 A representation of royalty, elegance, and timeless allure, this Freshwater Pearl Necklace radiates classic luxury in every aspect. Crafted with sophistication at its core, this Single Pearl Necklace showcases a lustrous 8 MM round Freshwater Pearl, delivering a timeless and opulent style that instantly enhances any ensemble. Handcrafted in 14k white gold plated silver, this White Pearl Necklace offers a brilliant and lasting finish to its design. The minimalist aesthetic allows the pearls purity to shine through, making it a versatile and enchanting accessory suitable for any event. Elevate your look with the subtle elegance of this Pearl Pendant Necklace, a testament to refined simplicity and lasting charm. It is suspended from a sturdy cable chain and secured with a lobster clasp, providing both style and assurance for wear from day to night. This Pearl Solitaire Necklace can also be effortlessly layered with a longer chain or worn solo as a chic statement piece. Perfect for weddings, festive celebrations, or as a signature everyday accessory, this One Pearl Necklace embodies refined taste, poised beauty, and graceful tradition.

...

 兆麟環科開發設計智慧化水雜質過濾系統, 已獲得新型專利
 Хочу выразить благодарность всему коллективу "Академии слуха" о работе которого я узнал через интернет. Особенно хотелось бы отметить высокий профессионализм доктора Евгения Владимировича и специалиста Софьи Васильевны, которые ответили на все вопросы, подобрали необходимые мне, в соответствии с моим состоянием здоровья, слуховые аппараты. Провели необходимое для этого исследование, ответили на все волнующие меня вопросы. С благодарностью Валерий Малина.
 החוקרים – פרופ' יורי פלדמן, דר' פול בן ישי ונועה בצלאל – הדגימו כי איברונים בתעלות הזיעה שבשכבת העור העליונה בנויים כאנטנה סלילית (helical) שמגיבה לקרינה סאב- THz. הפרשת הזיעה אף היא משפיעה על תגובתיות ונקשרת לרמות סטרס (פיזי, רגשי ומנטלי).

_TASK TO COMPLETE_.
Among the records above, a stretch begins at the line containing "Хочу выразить благодарность" and ends at the line containing "החוקרים – פרופ'". Restate that stretch word for word, and nothing else.

_RESULT_.
 Хочу выразить благодарность всему коллективу "Академии слуха" о работе которого я узнал через интернет. Особенно хотелось бы отметить высокий профессионализм доктора Евгения Владимировича и специалиста Софьи Васильевны, которые ответили на все вопросы, подобрали необходимые мне, в соответствии с моим состоянием здоровья, слуховые аппараты. Провели необходимое для этого исследование, ответили на все волнующие меня вопросы. С благодарностью Валерий Малина.
 החוקרים – פרופ' יורי פלדמן, דר' פול בן ישי ונועה בצלאל – הדגימו כי איברונים בתעלות הזיעה שבשכבת העור העליונה בנויים כאנטנה סלילית (helical) שמגיבה לקרינה סאב- THz. הפרשת הזיעה אף היא משפיעה על תגובתיות ונקשרת לרמות סטרס (פיזי, רגשי ומנטלי).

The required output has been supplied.